Życie idzie z postępem i czy to z in vitro, czy zapłodnione drogą naturalną przez wsad, lub innym sposobem… dziecko powinno wiedzieć jak. Teraz jeszcze nie jest to takie proste, szczególnie przy atakach kościoła na in vitro. Lub przy poglądach osób dla mnie całkowicie nie zrozumiałych że z in vitro dziecko nie powinno istnieć ale z gwałtu, lub upośledzone tak… nawet jakby matce groziła śmierć przy porodzie. Ale za 20 lat 30 lat, kiedy będziemy przyzwyczajeni, że dziecko nie tylko przez stosunek powstaje? Wszystkie dzieci będą równo traktowane… a nie tak, jak jeden z księży ks. prof. Franciszek Longchamp de Beriertwierdzi stwierdził z jednym z wywiadów w “Uważam Rze” z 11-17 lutego”
-“Są tacy lekarze, którzy po pierwszym spojrzeniu na twarz dziecka, wiedzą już, że zostało poczęte z in vitro. Bo ma dotykową bruzdę, która jest charakterystyczna dla pewnego zespołu wad genetycznych”.
Póki takie, czy podobne stwierdzenia będą przetwarzane na temat dzieci zapłodnionych inaczej niż przez faceta i będą piętnowane ciężko będzie dziecku, światu powiedzieć prawdę.
Mieliśmy piętnowanie murzynów, żydów, romów, teraz dzieci in vitro piętnowane przez księdza. Polacy, czy też wielu z populacji ludzkiej zawsze muszą mieć kogoś do piętnowania aby poczuć się lepszymi, poczuć się nadludźmi, lepszą rasą? A to po prostu zwykła głupota, nietolerancja, niewiedza w danym zakresie nauki. Tłumaczone to jest środowiskiem w jakim się wychowujemy – to na pewno, jeśli pranie mózgu jest od dziecka. Straszenie ogniem piekielnym, nakazy, zakazy. Ale kiedy dorastamy i wchodzimy w świat dorosłości i mamy szansę wyboru warto trzeźwo spojrzeć na świat. Jesteśmy istotami wolno myślącymi, i to od nas zależy jak patrzymy na świat, jednakże nie każdemu chce się spojrzeć przez pryzmat własnego ja. Wygodniej iść przez życie, według ustalonego przez tradycję nawyków, narzuconej wiary niż myśleć samodzielnie.

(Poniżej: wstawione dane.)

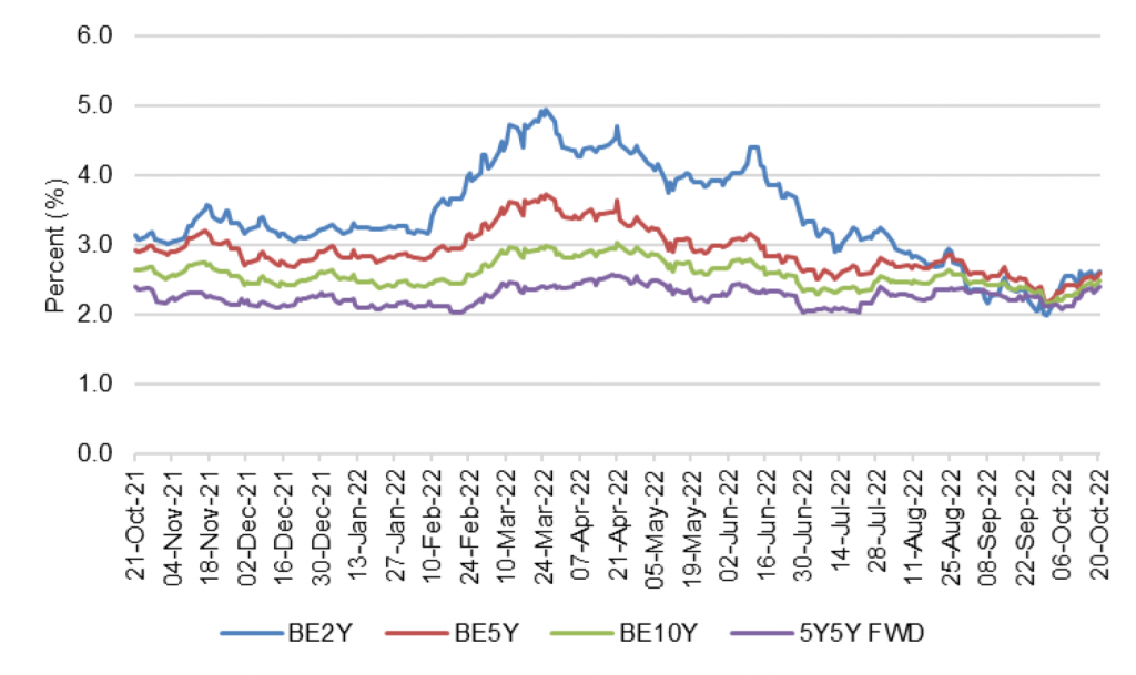 OIS forward rates now imply fed funds will peak around 4.85% early next year and hold through September 2023. That is roughly consistent with the September FOMC dots. But broad inflation, stoked by shelter and medical costs and tight labor, could make the Fed’s fight harder. There is still risk of repricing the Fed path.

Ks. prof. Franciszek Longchamp de Beriertwierdzi nastygmatyzował dzieci z in vitro. Czy miał do tego prawo? Nie. Ale kościołowi zawsze uchodziło, uchodzi i będzie uchodzić na sucho wszelakie zło jakie czyniło, czyni i będzie czynić. W klerykalnym świecie wszystko jest podmiatane pod dywan.
Przepraszam, ale jak zaczynam pisać przemyślenia, to nie widzę tego końca… I muszę się zatrzymać, ponieważ zamiast o lesbijce w ciąży myśli narzucają mi pisać o moralności kościoła, ale ten temat i myśli teraz zarzucę i wracam do pytania.
Twoja kobieta zachodzi w ciążę pomimo deklarowania sie lesbijką i to jest ciąża droga naturalną to co robisz?
-czy zrezygnujesz bycia z nią? -czy wybaczyć i zaofiarować pomoc? -jeśli jednak zdecydujecie razem wychowywać, to czy dziecko winno wiedzieć kto jest ojcem?